__Brief__: Given the entries below, would you transcribe exactly the lines starting at the one with "Girls Shopkins Dynacraft" and ending at the one with "Very unique, rarely", both kept, pictures omitted, nothing extra?

__Dataset excerpts__:

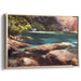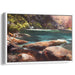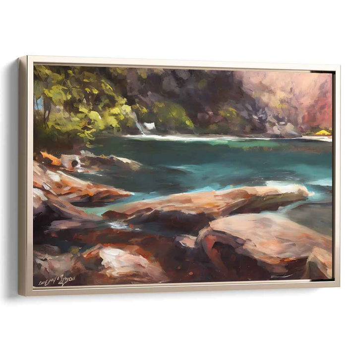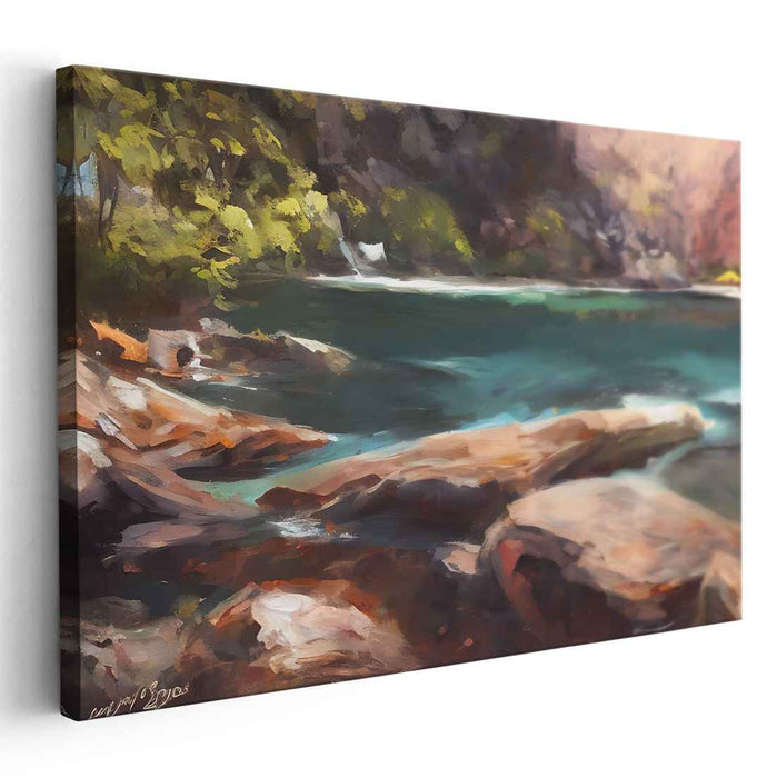 The foreground of the painting is adorned with rugged, sunlit rocks that gracefully lead the viewer's gaze towards the tranquil river. The river itself is depicted in vivid shades of turquoise and emerald, creating a striking contrast against the warm tones of the rocks and the lush greenery along the riverbanks. In the background, subtle hints of trees and a rocky cliff bathed in sunlight add depth and mystery to the scene. Noteworthy is the masterful play of light and shadow, enhancing the texture of the rocks and the fluidity of the water, bringing the entire composition to life.
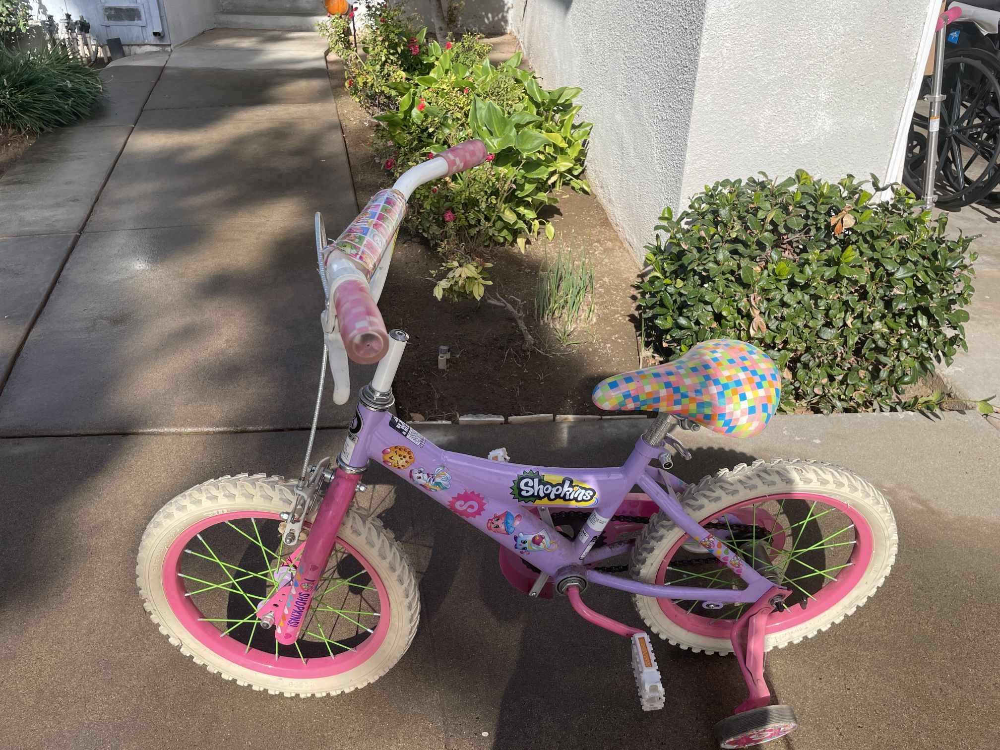 Girls Shopkins Dynacraft 16-inch Girls BMX Bike for Age Group 5-7 Years, Pink bike With training wheels Bought at Walmart for $110 plus tax ! Asking for $50 only! Price is Firm for serious buyers! Very clean used condition Used for a very short time
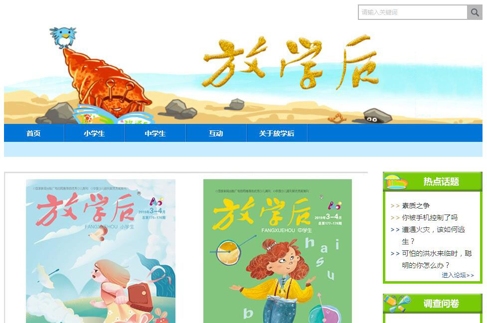 | 網(wǎng)站簡介: 放學后電子版,放學后多媒體數(shù)字報刊。《放學后》是由湖南日報報業(yè)集團主管主辦的教育類專業(yè)刊物。國內統(tǒng)一刊號CN43—1518/G4,郵發(fā)代號42-398(小學生)42-399(中學生)。為少年兒童提供融知識性、趣味性于一體的課外閱讀素材,講述成長故事,交流學習收獲,服務素質教育,傳遞人文精神,陪伴青少年快樂成長。 |
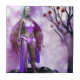 "Fée en fleur de crépuscule" Ce personnage éthérée présente un guerrier mystique de fée au milieu d'un paysage surréaliste et rêveur. Elle est décorée dans un ensemble violet et rose vif qui fusionne élégance et force, avec des ailes translucides et des accessoires d'inspiration nature. Son entourage comprend un arbre stérile d'une beauté effroyable, aux fleurs rouge-noir fleuries, baigné de brume violette sous une pleine lune, ce qui renforce l'ambiance magique et crépusculaire.
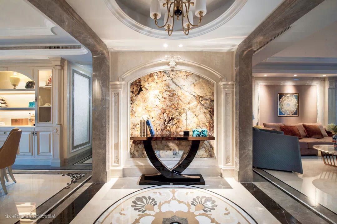 带纹理的巨型大理石赫然立于正中,配以拱门的造型,并用精美的雕花加以修饰,再加上一组欧式木柜,强烈的视觉冲击感一点点蔓延开来,庄重而优雅。
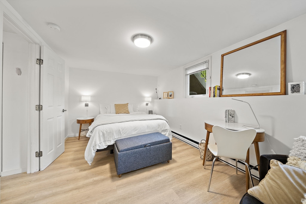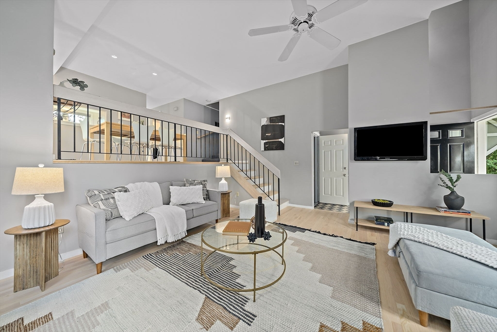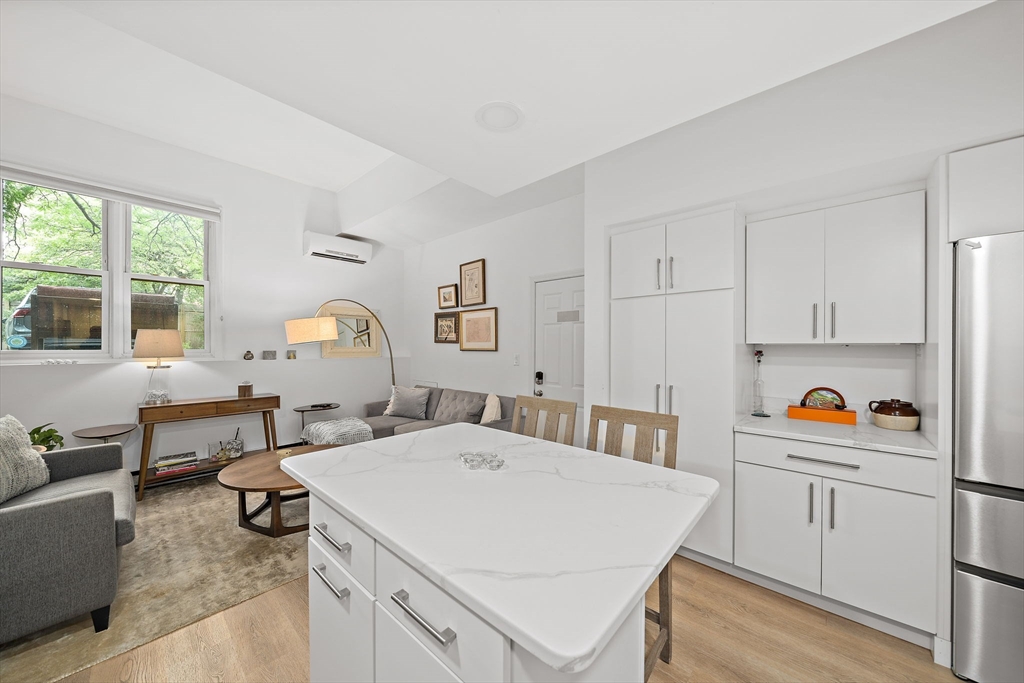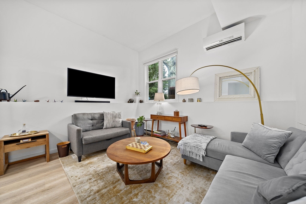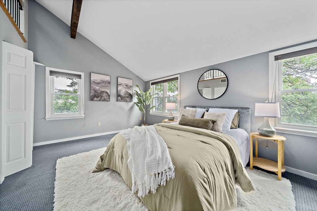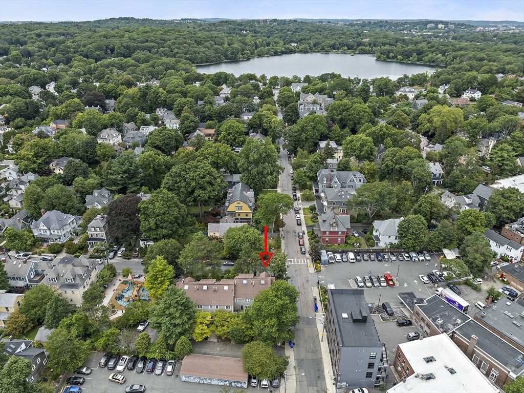 Very unique, rarely available Pondside offering - renovated modern multi-level townhouse-style home, with a 2nd income-producing unit for ADU: au pair, multi-generational living, or Airbnb. The upper townhouse on 3 floors offers a 2025 renovated kitchen, 3 beds and 1.5 baths, office nook, spacious rooms w/vaulted ceilings, dining room open to living room w/loft elevation, private balcony, skylights, open wood beams, built-ins, & private laundry. The beautifully renovated lower unit w/fully-equipped island kitchen open to the living room offers a large bedroom and walk-in closet w/laundry, and designer bath. This unit has been used as a high income-producing Air BnB grossing $5K/mo, but can be rented out long-term as well. Two car parking (one in garage) and private yard on corner lot (this is an end unit). Adjacent to Brewer-Burroughs playground and tot lot, a (free) Boston Municipal parking lot, EV charging station, shopping on Centre St, Green Street T, Arboretum, and Jamaica Pond.
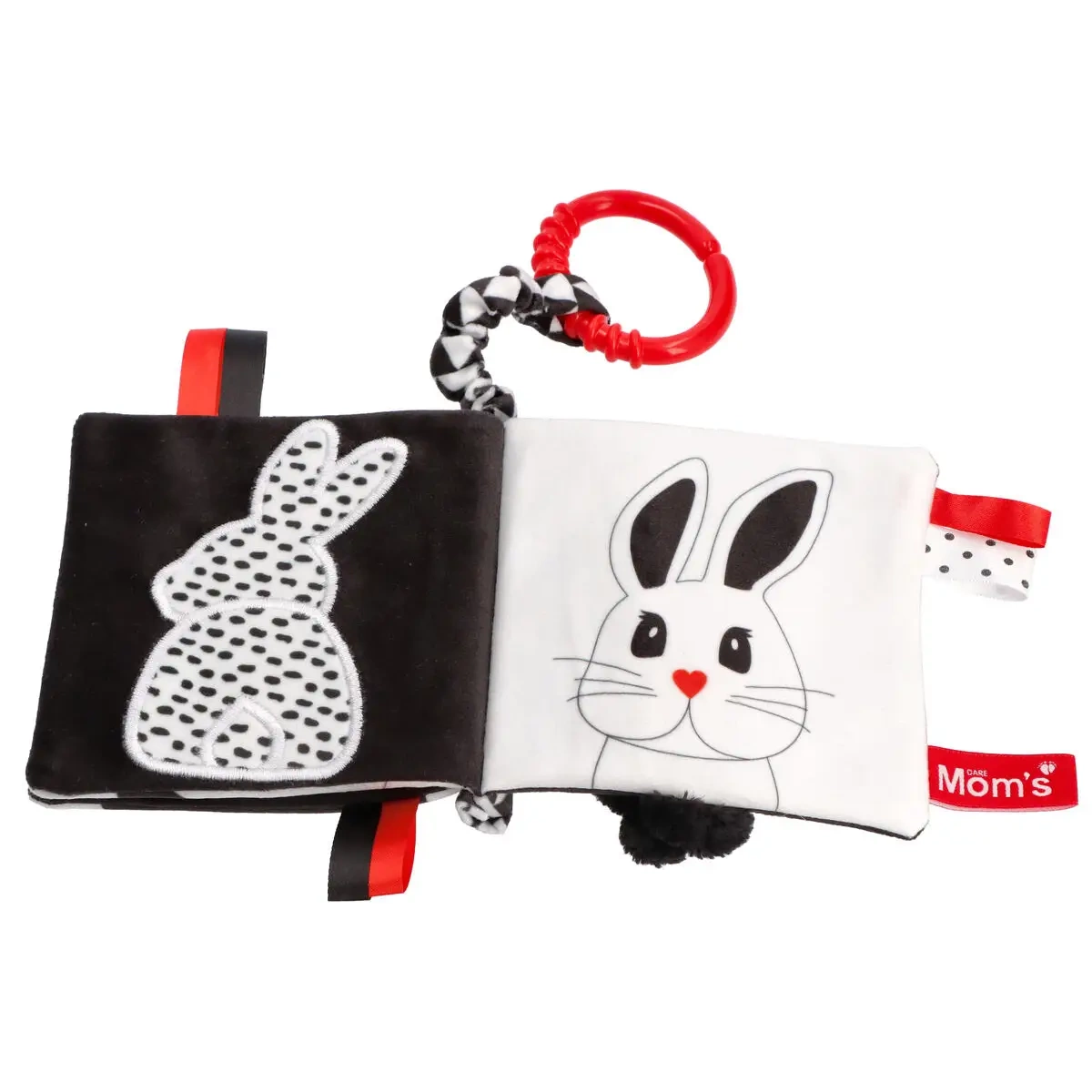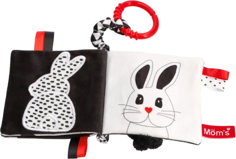 Uz ovu senzoričku knjižicu beba uči doživljavati svijet od prvih dana. Visok kontrast crne, bijele i crvene potiče vizualnu percepciju i pažnju. Na stranicama dijete otkriva simpatične životinjice i njihove oblike, vježba prepoznavanje oblika te razvija vizualnu percepciju i prve vještine povezane s govorom.

__Task result__:
 Girls Shopkins Dynacraft 16-inch Girls BMX Bike for Age Group 5-7 Years, Pink bike With training wheels Bought at Walmart for $110 plus tax ! Asking for $50 only! Price is Firm for serious buyers! Very clean used condition Used for a very short time
 | 網(wǎng)站簡介: 放學后電子版,放學后多媒體數(shù)字報刊。《放學后》是由湖南日報報業(yè)集團主管主辦的教育類專業(yè)刊物。國內統(tǒng)一刊號CN43—1518/G4,郵發(fā)代號42-398(小學生)42-399(中學生)。為少年兒童提供融知識性、趣味性于一體的課外閱讀素材,講述成長故事,交流學習收獲,服務素質教育,傳遞人文精神,陪伴青少年快樂成長。 |
 "Fée en fleur de crépuscule" Ce personnage éthérée présente un guerrier mystique de fée au milieu d'un paysage surréaliste et rêveur. Elle est décorée dans un ensemble violet et rose vif qui fusionne élégance et force, avec des ailes translucides et des accessoires d'inspiration nature. Son entourage comprend un arbre stérile d'une beauté effroyable, aux fleurs rouge-noir fleuries, baigné de brume violette sous une pleine lune, ce qui renforce l'ambiance magique et crépusculaire.
 带纹理的巨型大理石赫然立于正中,配以拱门的造型,并用精美的雕花加以修饰,再加上一组欧式木柜,强烈的视觉冲击感一点点蔓延开来,庄重而优雅。
 Very unique, rarely available Pondside offering - renovated modern multi-level townhouse-style home, with a 2nd income-producing unit for ADU: au pair, multi-generational living, or Airbnb. The upper townhouse on 3 floors offers a 2025 renovated kitchen, 3 beds and 1.5 baths, office nook, spacious rooms w/vaulted ceilings, dining room open to living room w/loft elevation, private balcony, skylights, open wood beams, built-ins, & private laundry. The beautifully renovated lower unit w/fully-equipped island kitchen open to the living room offers a large bedroom and walk-in closet w/laundry, and designer bath. This unit has been used as a high income-producing Air BnB grossing $5K/mo, but can be rented out long-term as well. Two car parking (one in garage) and private yard on corner lot (this is an end unit). Adjacent to Brewer-Burroughs playground and tot lot, a (free) Boston Municipal parking lot, EV charging station, shopping on Centre St, Green Street T, Arboretum, and Jamaica Pond.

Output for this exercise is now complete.